World Class Animal Welfare

Neil is passionate about animal welfare. Soon after being elected in May 2010, Neil was appointed Chairman of the All-Parliamentary Group (APPG) for Animal Welfare in July 2010.

In that time, the group investigated a large number of animal welfare issues, from live animal exports to humane slaughter and the Equine Crisis to Dog Welfare. Under Neil’s Chairmanship, the APPG produced a number of important reports, on subjects such as Dog Breeding (2012), Equine Identification (2014) and the Dog Strategy (2015) to raise animal welfare issues to the Government’s attention. 

Neil is against cruel practices against animals and presented a petition to the Animal Welfare Minister in 2014 for far stronger controls on live animal exports. He has also worked to prevent dolphins being caught up in fishing nets on the South West coast.

Increased Sentences for Animal Cruelty

Neil campaigned strongly for an increase to the maximum sentence for those convicted of animal cruelty from 6 months to 5 years. He harried the Government time and time again on this issue, leading Parliamentary debates and speaking at official events calling for an increase in sentence limits. Under his Chairmanship, the Environment, Food and Rural Affairs Select Committee called for an increase to five year sentences in their animal welfare report.

In September 2017, the Environment Secretary, Michael Gove, heeded Neil's call and announced the Government would be raising the maximum sentence from 6 months to 5 years. Neil is delighted Ministers have seen sense on this vital animal welfare issue. 

Chair of the Environment, Food and Rural Affairs Select Committee

Neil has been Chair of the Environment, Food and Rural Affairs Select Committee since 2015. This means he is responsible for scrutinising the Government on animal welfare issues.

In February 2016, the Committee published its report on Greyhound Welfare, under Neil's chairmanship. The report called for a new requirement for bookmakers - who profit from greyhound racing - to make a financial contribution to greyhound welfare. It also recommended wider and stronger welfare regulations to better protect greyhounds in their kennels, as well as on the racetracks. 

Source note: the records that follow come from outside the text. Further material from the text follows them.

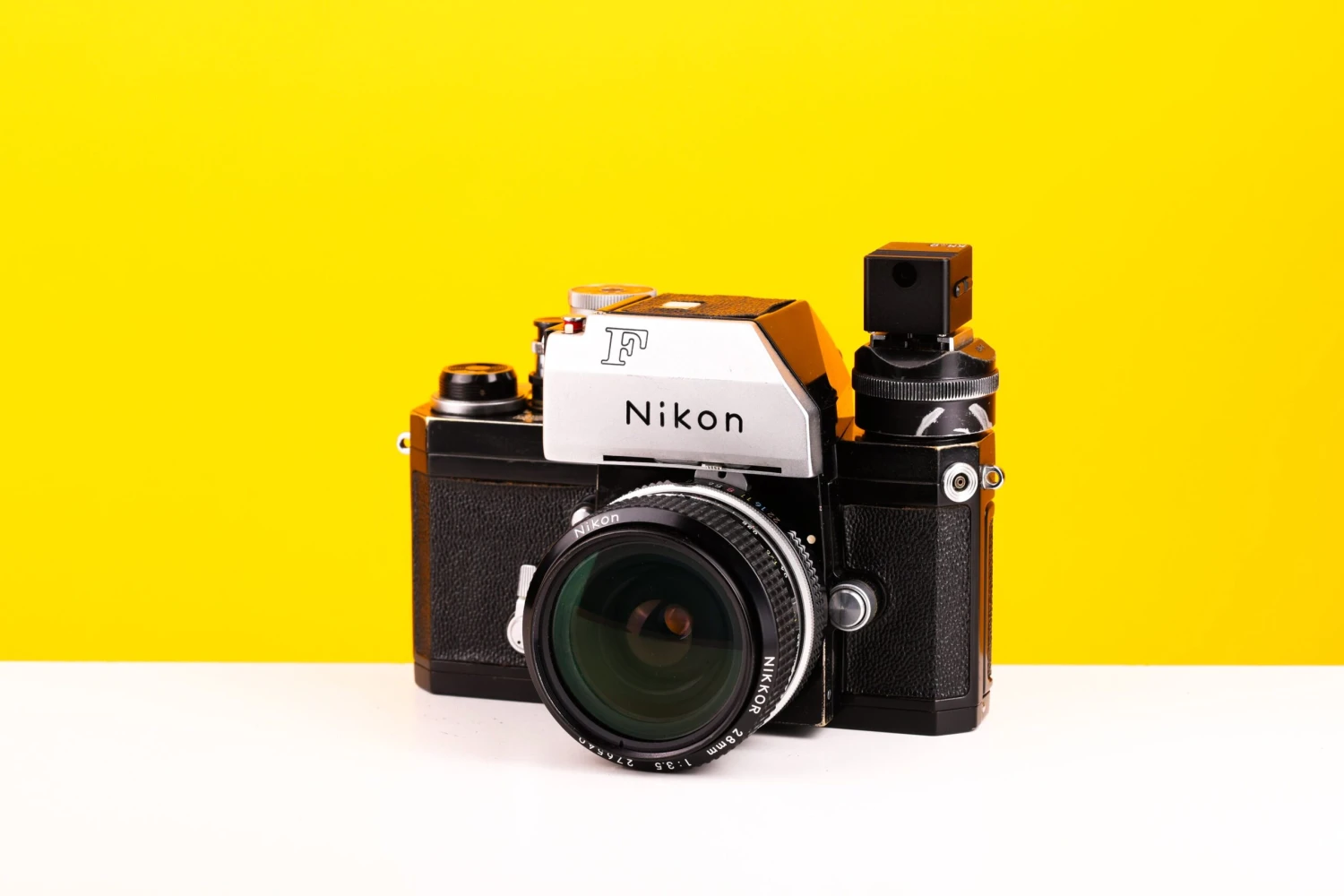 TESTED AND FULLY WORKING: Nikon F Photomic 35mm SLR Film Camera with Nikon Nikkor 28mm f3.5 Lens and KM-Q Light Meter Attachment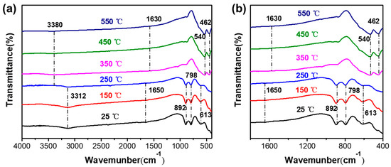The FT-IR spectroscopy of pristine goethite and the calcined products of goethite at different temperatures for 1 h. (a) all spectrum, (b) regions of 1800-450 cm−1.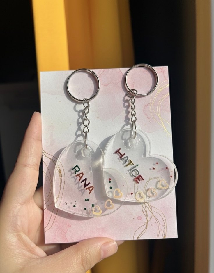Altın zincir detaylı, pastel renkli kalp şeklinde anahtarlıklar. Üzerinde RANA ve HATi isimleri bulunur. Minimalist bohem tarzda, zarif tasarım.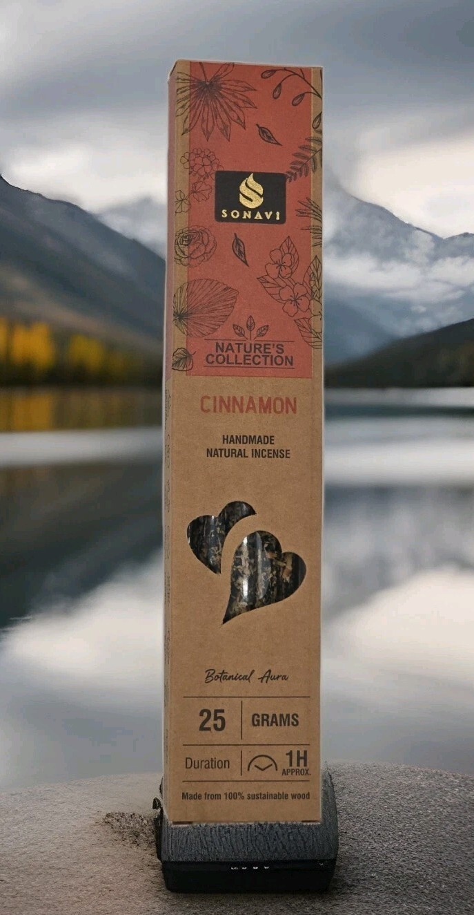 1 Box of Sonavi Premium Handcrafted Cinnamon Incense Sticks. 25gm per box.

In November 2016, the Committee also a wider-ranging report on the welfare of domestic pets. Recommendations included:

  • Licensing for anyone breeding two litters or more per year.
  • A ban on third party sale of dogs
  • Stricter rules on internet sales
  • A duty of councils to uphold animal welfare laws
  • A sharp increase in the maximum penalty for animal cruelty from 6 months to five years. 

The Committee also looked at Breed Specific Legislation (BSL) - and recommended changes along the lines of 'deed not breed'. The report conclusions can be found here

Most recently, the Committee looked at Puppy Smuggling. The inquiry was incomplete on dissolution for a General Election, but a number of recommendations were made about reforms to prevent the cruel trade. 


Greyhound Gambling Levy

Following the Greyhound Report, which looked at the welfare of racing greyhounds, Neil has been working with the industry to improve greyhound welfare. 

In Parliament, Neil led a debate which called for the introduction of a Greyhound Gambling Levy, which would work in a similar way to the horse race betting levy. After Britain leaves the EU, it will be able to introduce such a system, which could generate crucial extra funds for the re-homing and care of greyhounds

Neil welcomed the increased voluntary contributions of betting companies, but will continue to press the Government for action in this area should he be returned to Parliament. 

Dog of the Year

Back in October 2011, Neil’s labrador, Wilberforce, won the Westminster Dog of the Year competition.

One of the judges, Clarissa Baldwin (CEO of Dogs Trust), said “Our Westminster Dog of the Year competition is all about celebrating the unique bond between person and dog, and Wilberforce is this year’s victor because the judges could clearly see the mutual love and respect between him and Neil.”

The competition is a good, non-serious, reminder of animal welfare issues and the importance of preventing cruelty to any animal.